OK, then if I understand correctly, your LR app is working fine and not showing as a trial but your Lightroom Mobile app on the iPad is showing as a trial and it is the iPad App that is the problem.  
I'm going to have to plead ignorance on the iPad LR app since I have not installed it on my iPad.


----------



## AdeC

hi clee,
The notification is in the left hand corner of lightroom on my macbook pro it says 27 days left in lightroom mobile trial.
The lightroom version is 5.4 which is the current version and i can't work out why it says 27 days on my laptop and 26 days on my iPad. 
i  am very confused and really would like to get to the bottom of the issue.

Adrian


----------



## Jim Wilde

Actually, it sounds more like this issue:

http://helpx.adobe.com/lightroom/kb/lightroom-mobile-tells-you-youre.html


----------



## AdeC

Hi Jim.
i just looked at the link and that seems to be the explanation but would this still come up in the desktop version too like it does on mine.
I can't believe i have been in chat with the tech support for the best part of 2 hours this afternoon and it is a known issue why on earth aren't they aware

Adrian


----------



## Jim Wilde

Yes I think so....this is the thread from the Adobe U2U forum where I found that link to the Adobe KB article: http://forums.adobe.com/thread/1446903?tstart=90

As for Adobe tech support....no comment!


----------



## AdeC

Hi Jim,
There seems to be a lot of people with the same problem so hopefully it will be resolved ASAP. Especially before my 27 or 26 Days are up (of my so called trial).
I really would like to start using lightroom but am apprehensive in case i have to uninstall everything.

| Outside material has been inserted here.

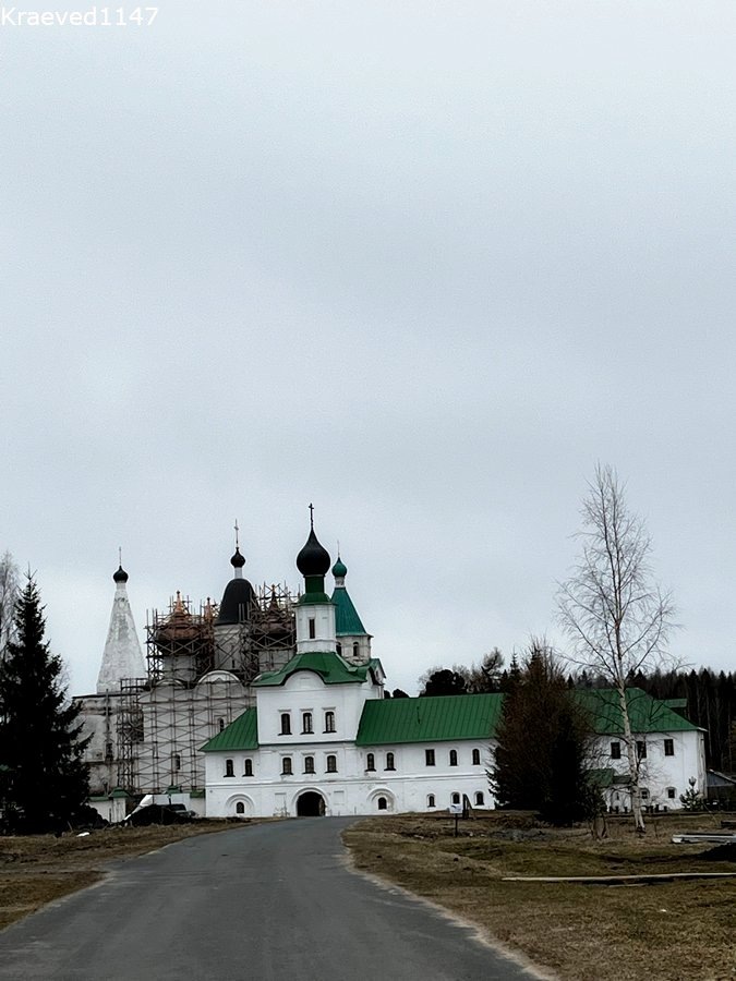 Сия делает петлю и обитель стоит на небольшом полуострове, окружённая с трёх сторон суровой северной рекой.

I am still really surprised the tech support were not aware of the issue even when there was post from Adobe staff about the issue.
To make matters worse i had to get my other half to walk home from work because of being in the chat with tech support for so long:hm: 

Thanks for your help Jim
Adrian


----------



## clee01l

ade123 said:


> ... I really would like to start using lightroom but am apprehensive in case i have to uninstall everything...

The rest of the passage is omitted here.